Work item: Copy all the data exactly, except the pictures.

START Available data

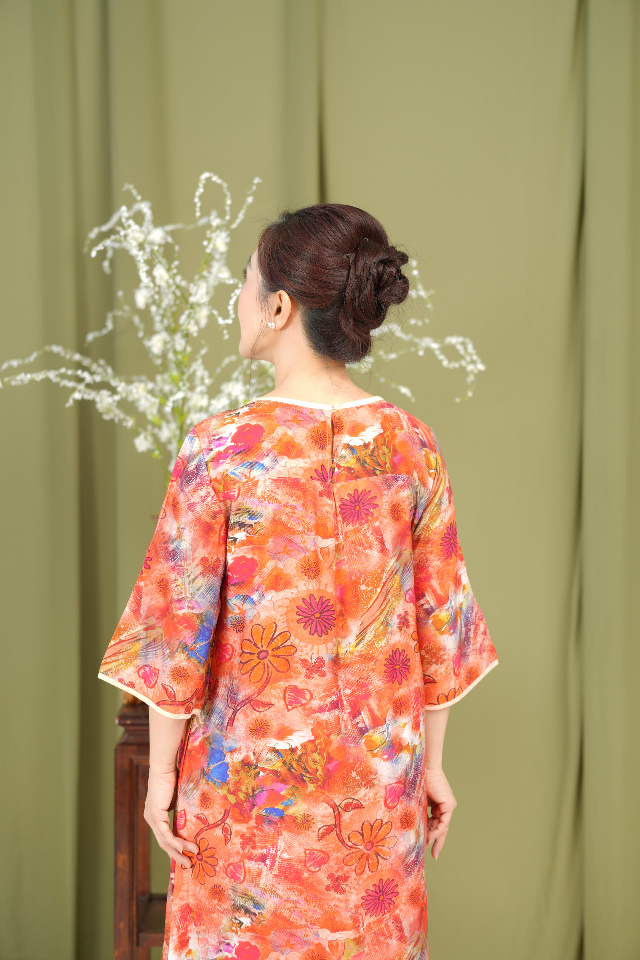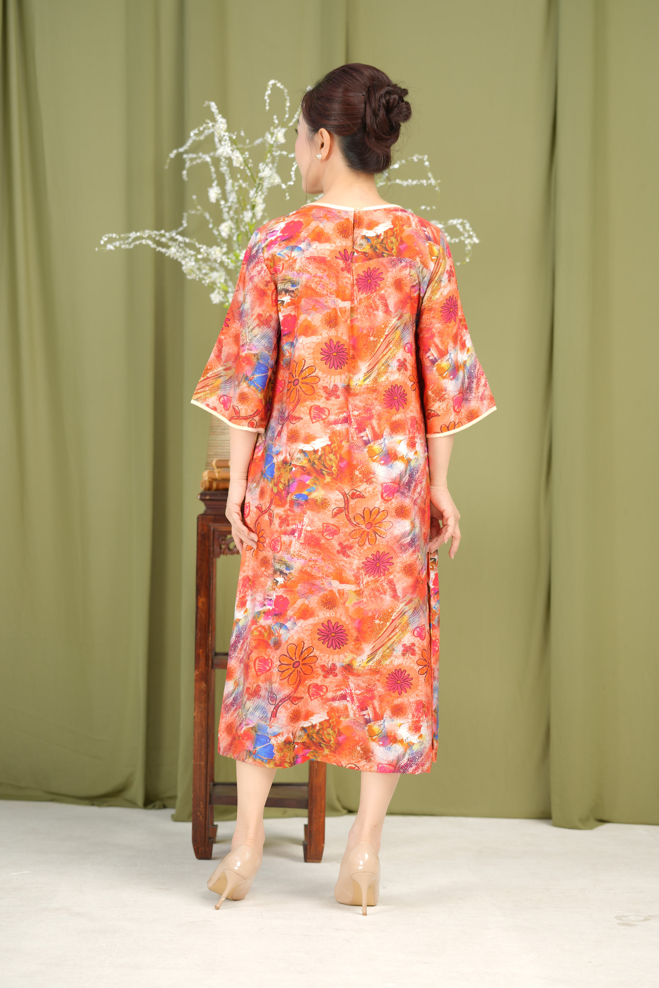 M COLLECTION | Áo Kiểu Nữ Trung Niên Tặng Mẹ Vải Lụa Mango Bông In Vệt Màu Cổ Tròn Tay Lỡ Xòe A12877LW01
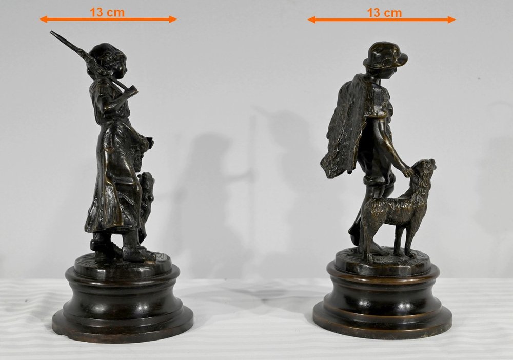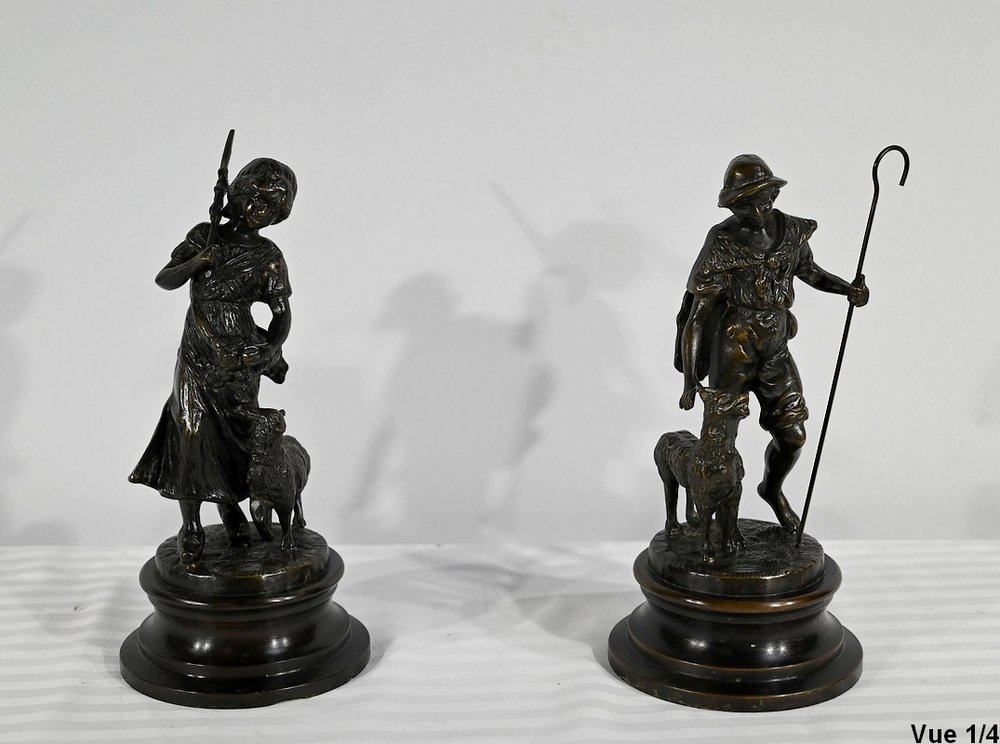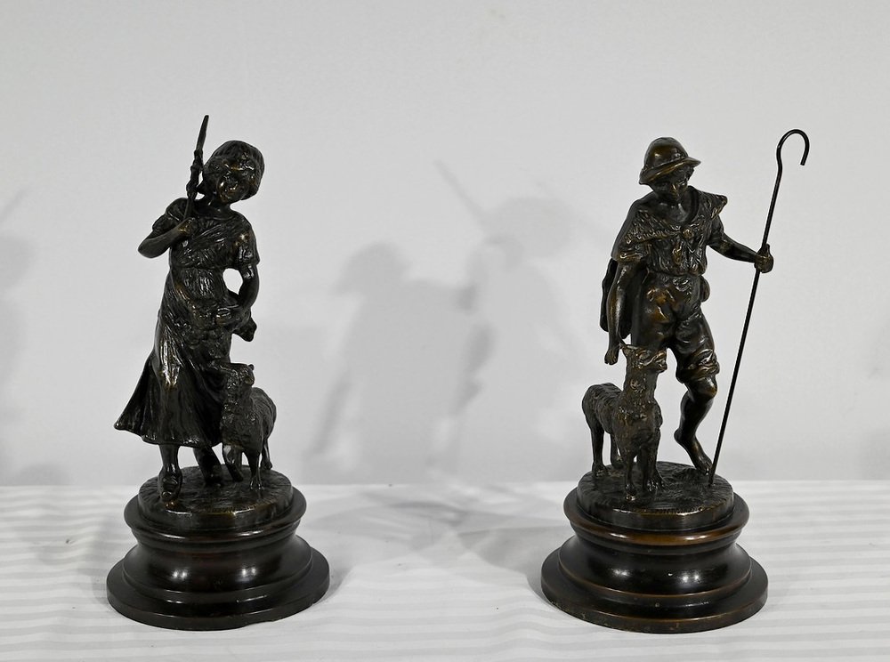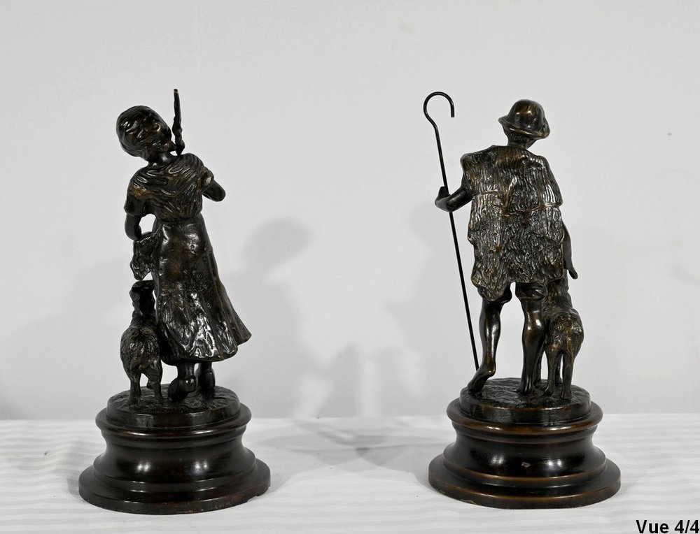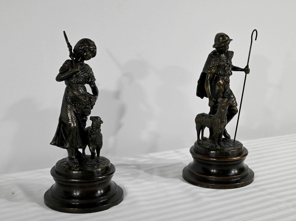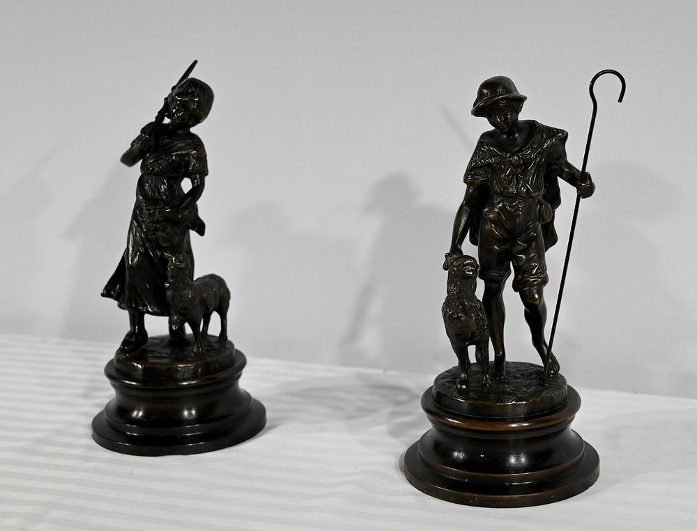 Laurini after L & F. Moreau, Le Berger et la Bergère, Early 1900s, Bronzes, Set of 2
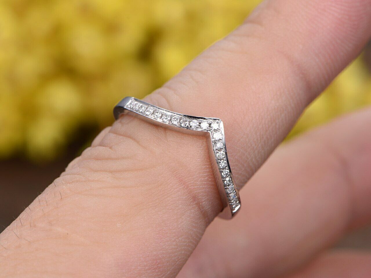 1ct Round Cut Diamond V Shaped Petite Chevron Curved Wedding Band 10k White Gold Finish

END Available data

Result of this exercise:
 M COLLECTION | Áo Kiểu Nữ Trung Niên Tặng Mẹ Vải Lụa Mango Bông In Vệt Màu Cổ Tròn Tay Lỡ Xòe A12877LW01
 Laurini after L & F. Moreau, Le Berger et la Bergère, Early 1900s, Bronzes, Set of 2
 1ct Round Cut Diamond V Shaped Petite Chevron Curved Wedding Band 10k White Gold Finish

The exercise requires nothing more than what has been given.